Валентин Аскерханович взял бумагу и крякнул:

- Да... Однако... "Драк." Ну, это понятно. Четыреста талонов? Ух ты... "Одна шт." А если "две шт." - восемьсот?

Бледное пламя наконец занялось, запрыгало среди сложенных аккуратным шалашиком ветвей. Жанна Порфирьевна поглядела на Валю.

- Юноша, - строго сказала она, - дай Бог нам всем справиться с одним-распронаединственным "цеп." или "щеп.", или как его там? - драконом. Дай Бог нам после встречи с ним остаться живыми, а вы о восьмистах талонах думаете. Нелогично и неумно. Лучше подкладывайте-ка ветки в костер...

Жанна Порфирьевна недолюбливала Валентина Аскерхановича и не старалась это скрыть.

Валентин Аскерханович вернул накладную Куродо и принялся ломать хворост.

- Жанна Порфирьевна, - вежливо заметил Валя, - у вас лицо запачкалось, пока вы с костром возились.

Валя тоже не особенно любил Жанну Порфирьевну, но побаивался ее.

Жанна, ни слова не говоря, поднялась, поправила волосы и, отодвинув кусты боярышника, пошла по тропе, спускающейся к ручью.

- Жанна Порфирьевна, - крикнул ей вслед Валентин Аскерханович, - вы бы хоть пугач какой с собой захватили!.. Здесь эти... в мехах и шерсти по кустам так и шастают, они драконом пуганные, а "отпетыми", охотниками за драконами, - не особенно...

Жанна Порфирьевна не удостоила Валю ответом, зато Куродо вдруг шлепнул себя по лбу:

- Баатюшки!.. Да тут не "цеп." и не "щеп." - тут "пещ."! Вот в чем дело! Дракон пещерный - одна штука - 400 талонов. Они буквы перепутали.

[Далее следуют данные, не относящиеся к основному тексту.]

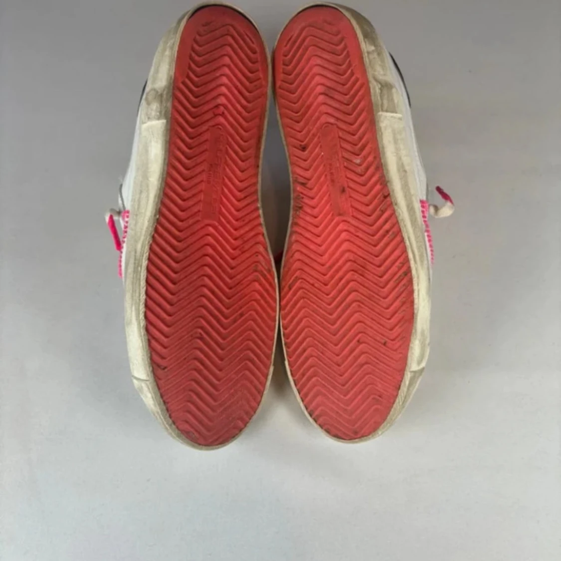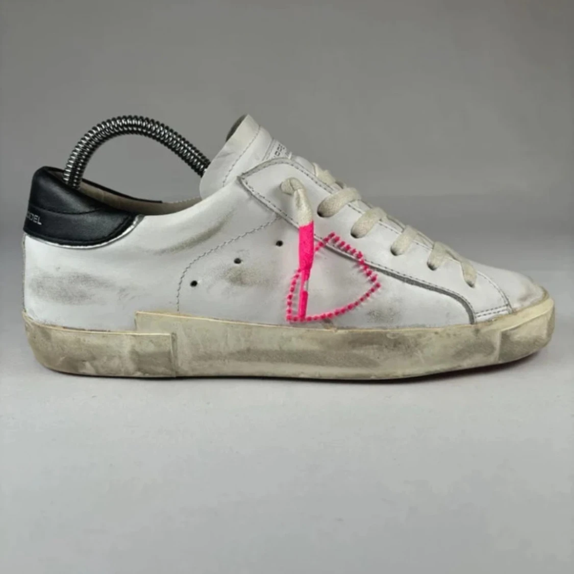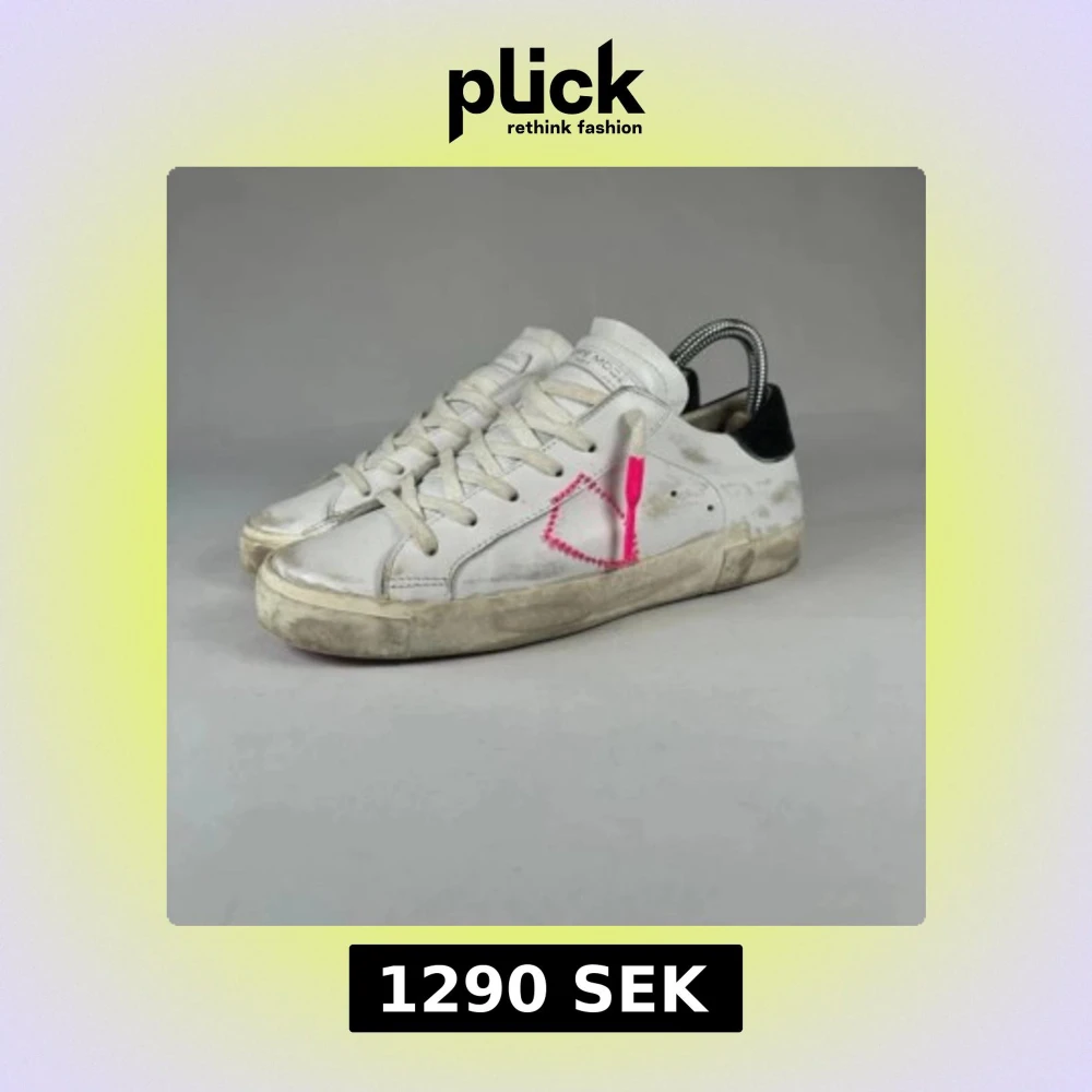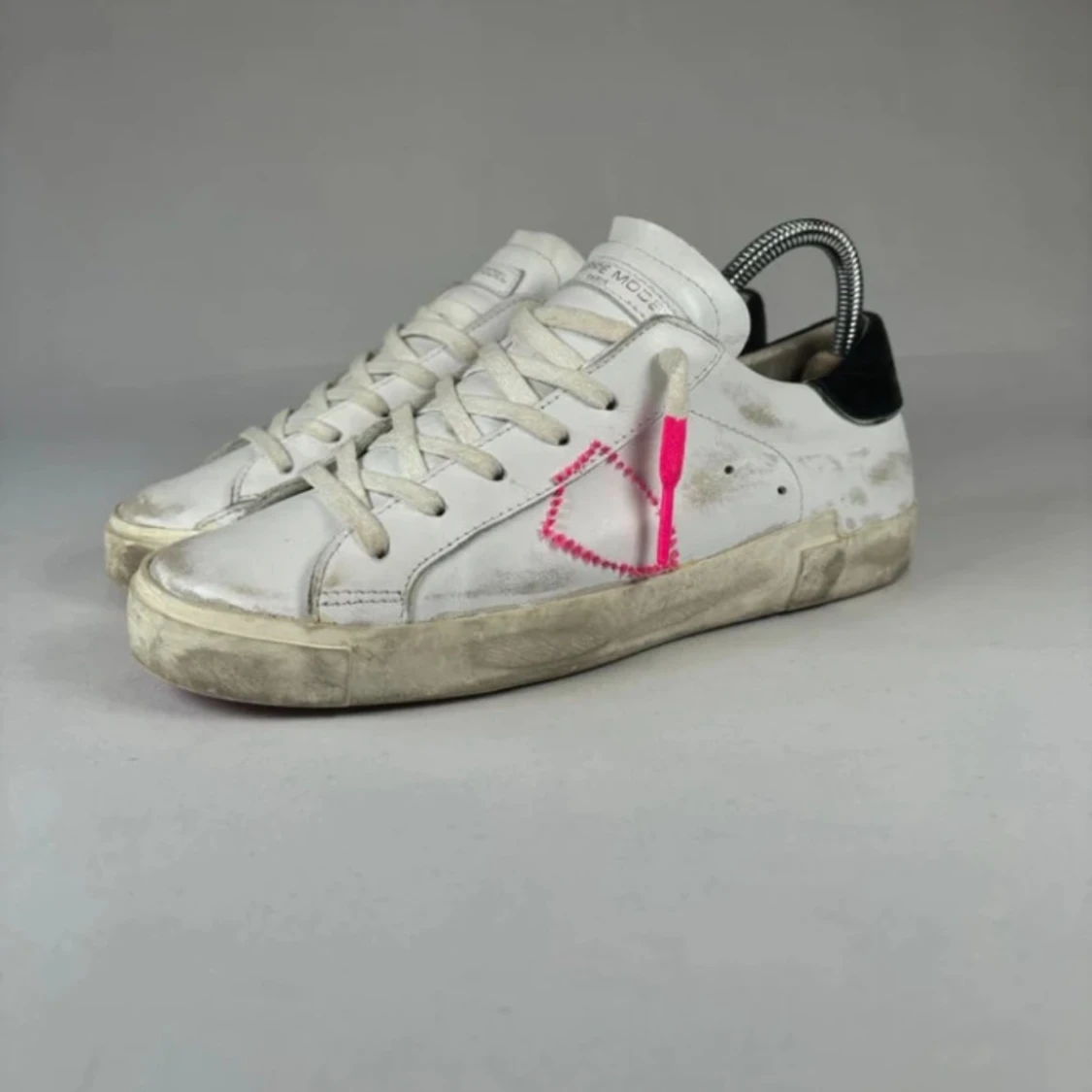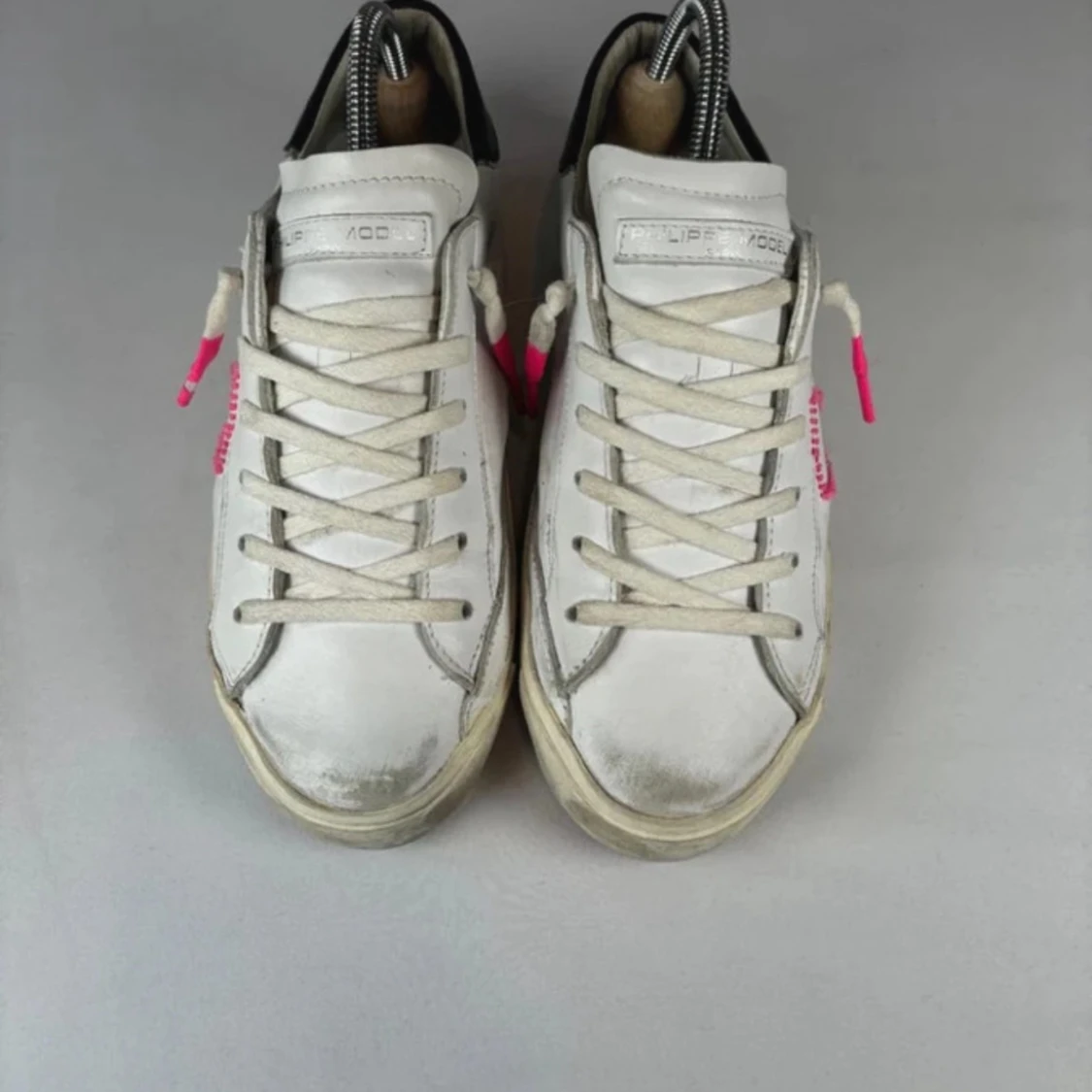Snygga vita sneakers från Philippe Model med svart häl och en unik rosa broderad detalj på sidan. Skorna har snörning och röd sula, tillverkade i skinn. Perfekta för dig som vill sticka ut med en cool detalj. Skick 9/10
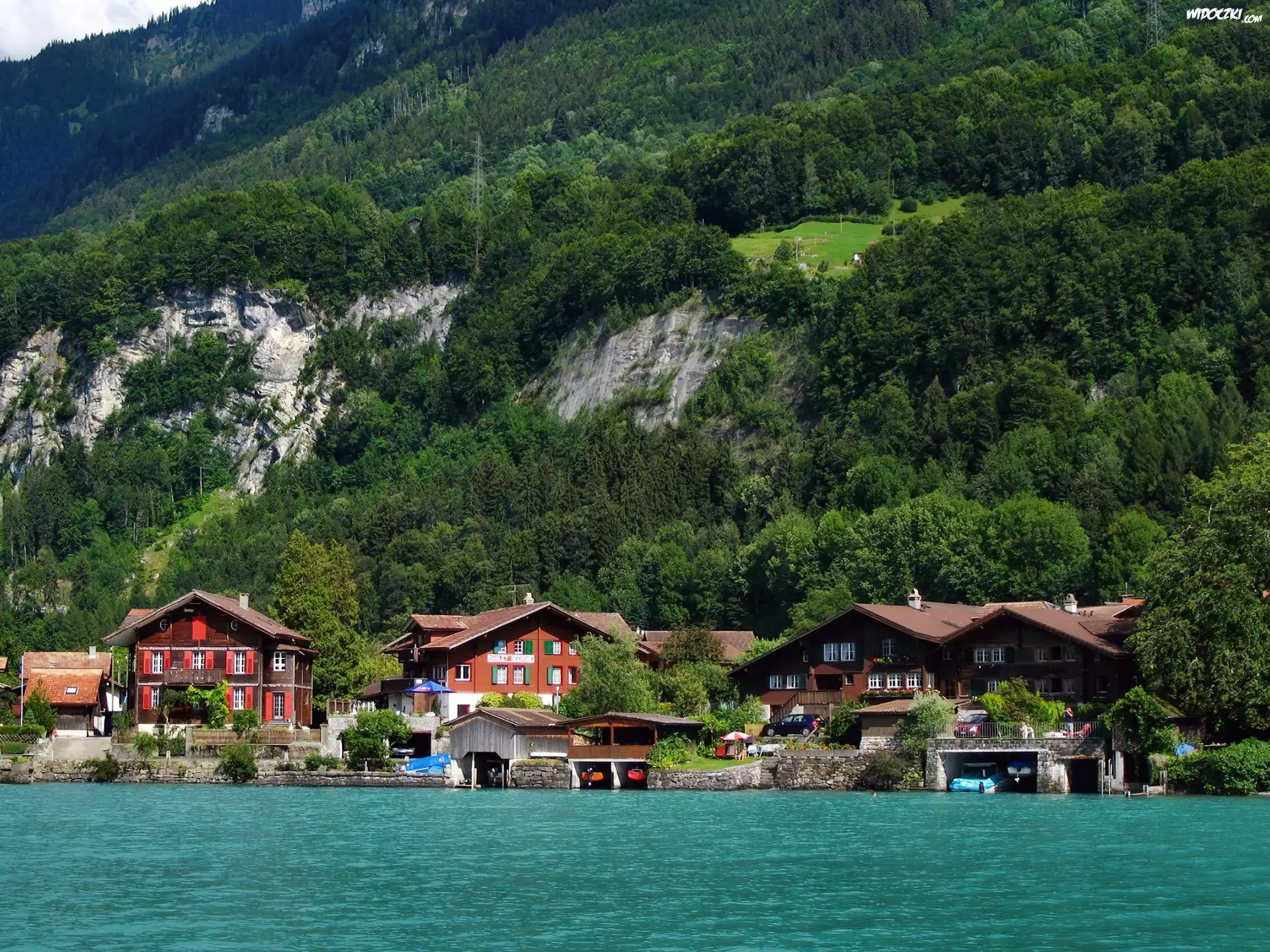 Zdjęcia, Góry, Domy, Jezioro, Szwajcaria
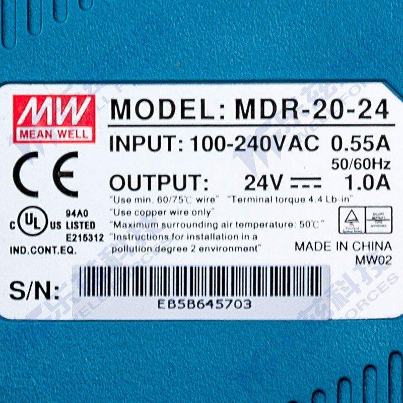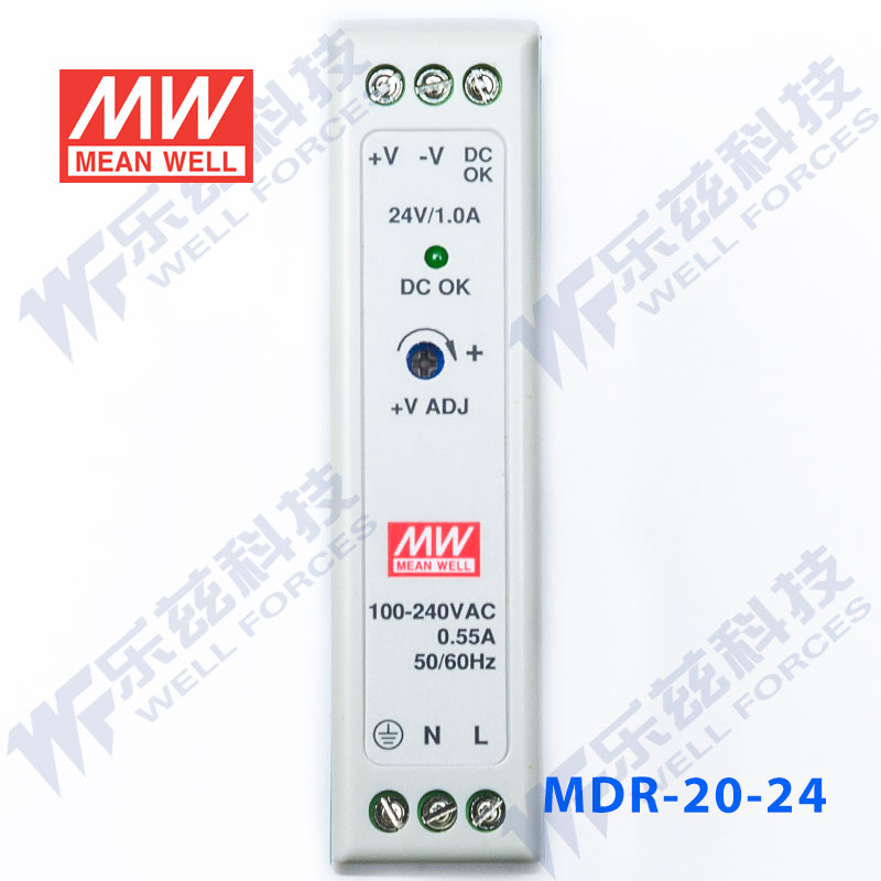 明纬24V电源24W MDR-20-24 导轨式 220V转24V直流稳压 台湾品牌
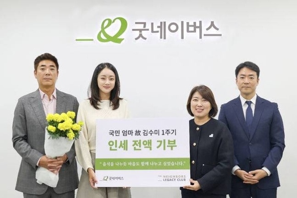 写真=グッドネイバーズ故人の息子チョン・ミョンホさん&ソ・ヒョリム夫婦は、キム・スミさんの1周忌を迎え、意義深い寄付を行った。23日、ソウル永登浦(ヨンドゥンポ)区のグッドネイバーズ会館で、「故キム・スミ 追慕寄付伝達式」を開催した。この寄付金は、故人の生前の日記を綴った本「私は嘆願する、私を殺す全てのことについて」の印税収益金で用意されたもので、「故キム・スミ 奨学支援事業」を通じて韓国国内の危険な状況に置かれている家庭の児童を対象とした奨学金および生活費として支援される。
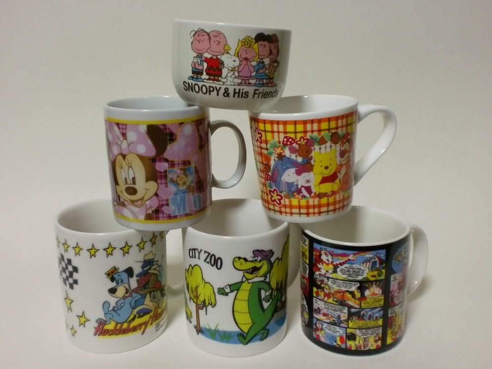 - アメリカン雑貨 キャラクター陶器マグ 陶器マグカップ 6点セット ケロッグ 珍犬ハックル ワニのワリー クマのプーさん ミニー スヌーピー
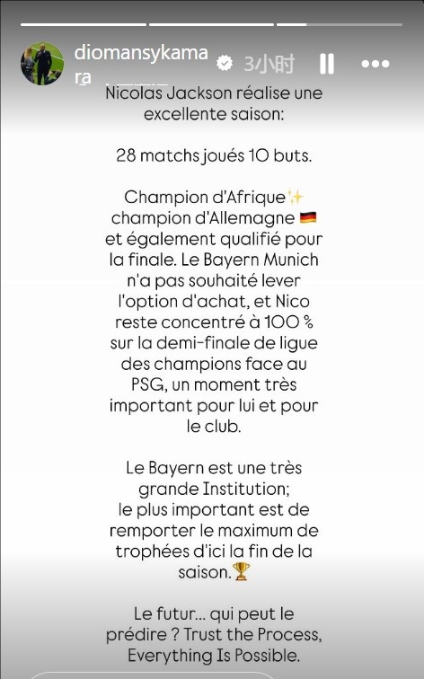 “他是非洲冠军、德甲冠军,并且同样获得了进入决赛的资格(德国杯)。拜仁慕尼黑目前并无意愿执行买断条款,但尼科(杰克逊)本人正100%专注于对阵巴黎圣日耳曼的欧冠半决赛,这对球员及其俱乐部而言都是极其重要的时刻。”

- Ззаразы, - с чувством проговорил Георгий Алоисович, - они там по своим конторам сидят, кроссворды решают, а накладные заполняют между делом, позевывая и почесываясь... "Щеп.", "цеп", "пще", "пещ." - какая разница, когда тут такой вопрос поставлен: "Орудие казни, применявшееся в древности. Пять букв".

- Топор, - сходу отозвался Куродо.

- То-то и видно, - важно заметил Георгий Алоисович, - что совсем ты с конторскими не общался, кроссвордов не разгадывал, - крест, дорогуша, крест...

Вытирая руки и лицо платком, к костру вернулась Жанна Порфирьевна.

- Туземное население, - сказала она, - действительно, волнуется. Во всяком случае, какие-то копьеносные силуэты на том берегу я различила, но ничего откровенно враждебного не заметила...

- Еще бы туземному населению не волноваться, - хмыкнул Куродо, дракоша у них зимой злобствует, дует, плюет и старается согреться всеми доступными ему средствами, то есть жрет в три горла все то, что двигается, дышит и молит о пощаде. Летом дракоша отдувается, рыгает и мирно сопит в своей пещерке... и тут - здрасьте!.. Посланцы Неба!.. Рады приветствовать. Раздраконят дракошу - почнет старичок и летом буйствовать, что хорошего?

Я потрогал приятно пачкающий, белый, в черных выпуклых продолговатых крапинках ствол неведомого мне дерева и поинтересовался:

- Отчего же мы зимой не прилетели?

Костер между тем совсем разгорелся - пламя металось тугими желтыми жгутами, дразнилось, многоязыкое, плясало, облизывало сучья.

Жанна Порфирьевна, морщась от жара, принялась устанавливать на костре огромную черную сковородку.

- Тут вот в чем дело, Джекки, - сказал Георгий Алоисович, с интересом наблюдавший за манипуляциями Жанны, - летом "пещ. драк." подстрелить трудно, а зимой еще труднее...

Куродо вытащил консервный нож и принялся вскрывать консервные банки. Содержимое он вытряхивал на сковороду.

- Зимой, - добавил он, - дракоша бегает, прыгает, летает и скачет, а летом он, растопырившись и растекшись по стенкам, отдыхает, спит.

Мясо, выброшенное из консервов на сковородку, зашкворчало, завыстреливало в разные стороны раскаленными жирными каплями.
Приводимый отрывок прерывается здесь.